White City Blue
I suppose there’s only one wall of the house that directly expresses something about me or my life, and this is transportable, removable, erasable. It’s a huge collage – and I mean huge, about 5 x 5 – of snapshots. I had a frame built for it and then I meticulously stuck in every picture I had in old photo albums and in the bottom of drawers and in boxes in attics. Within the twenty-five-square-feet space, there are hundreds of photographs, some black and white, mostly colour. I made it in a frenzy one night about a week after my father died. That was last year. It reassured me that I was still connected, that I would not float away.

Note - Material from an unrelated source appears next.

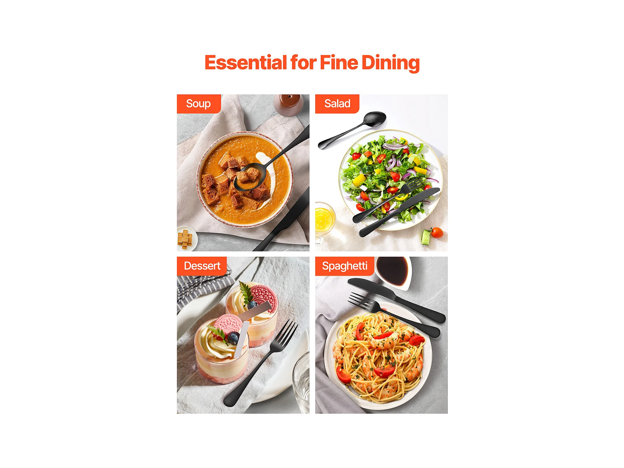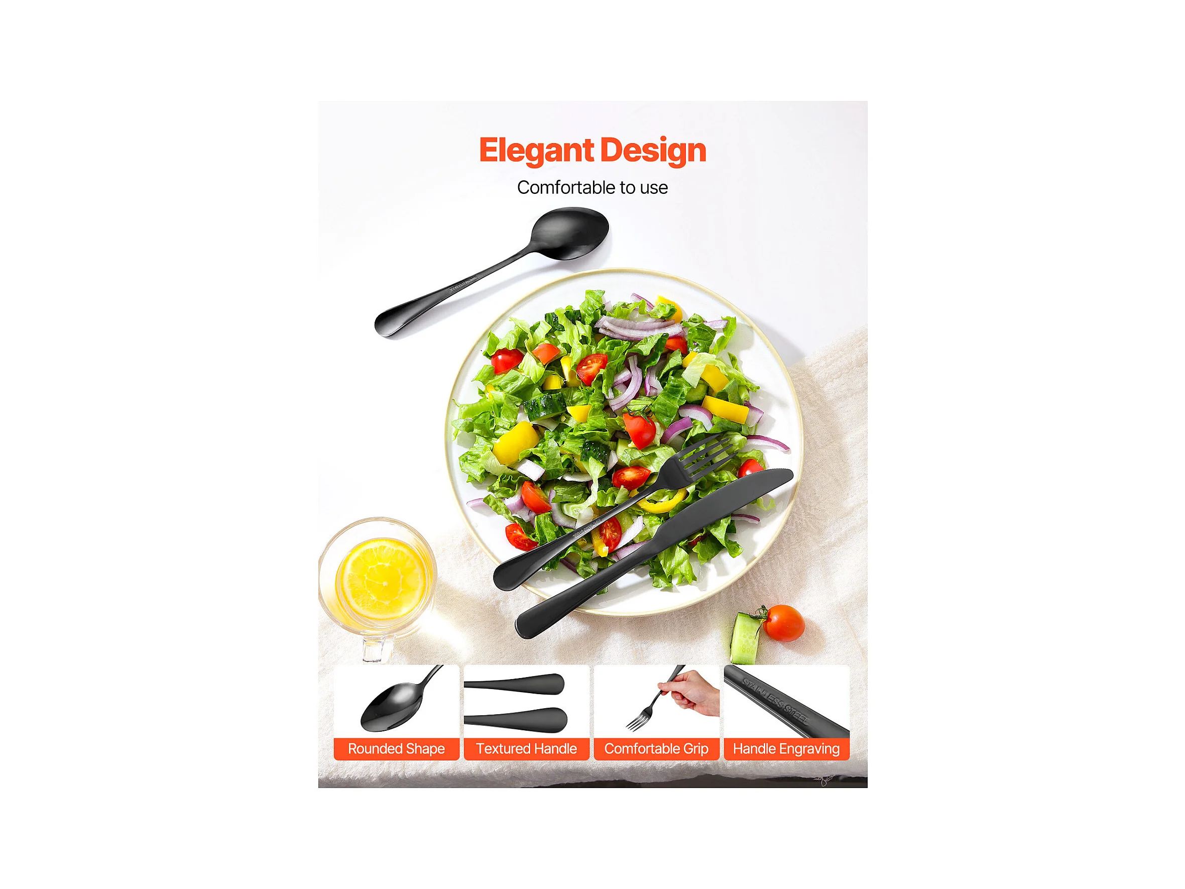 Set di Posate SucceBuy Set di Posate in Acciaio Inox da 30 Pezzi, Servizio per 6 Persone, Nero.

I noticed that Veronica was staring at the board. She often does this, even though she has no idea who most of the people in the photographs are. And it’s true that there is something compulsive and hypnotic about this sea of faces and bodies, of preserved milliseconds. Every time I look at it, I see something new, some lost friend I had forgotten, some distant moment I had lost. Living is all forgetting, forgetting and remembering. This board had the power to draw out of you the invisible, the missing, the irretrievably broken. It was all in bits, but it made up a whole. And the bits were bits of me, every single one of them.
Shoeless, I went and stood behind her. I did not know if she was aware of me or not, so absorbed was she. I reckon all new relationships involve trying to steal the past of the other, to get some ownership of it. This is what gaping at old photographs is all about, I suppose. But it’s the place you can never get into in the end. Previous boyfriends and girlfriends are displayed with embarrassment or pride. Old holidays in cheap Mediterranean villas are anecdotalized. Fashion mistakes are acknowledged and laughed at. It is something of a game, something of a cabaret, but it’s crucial.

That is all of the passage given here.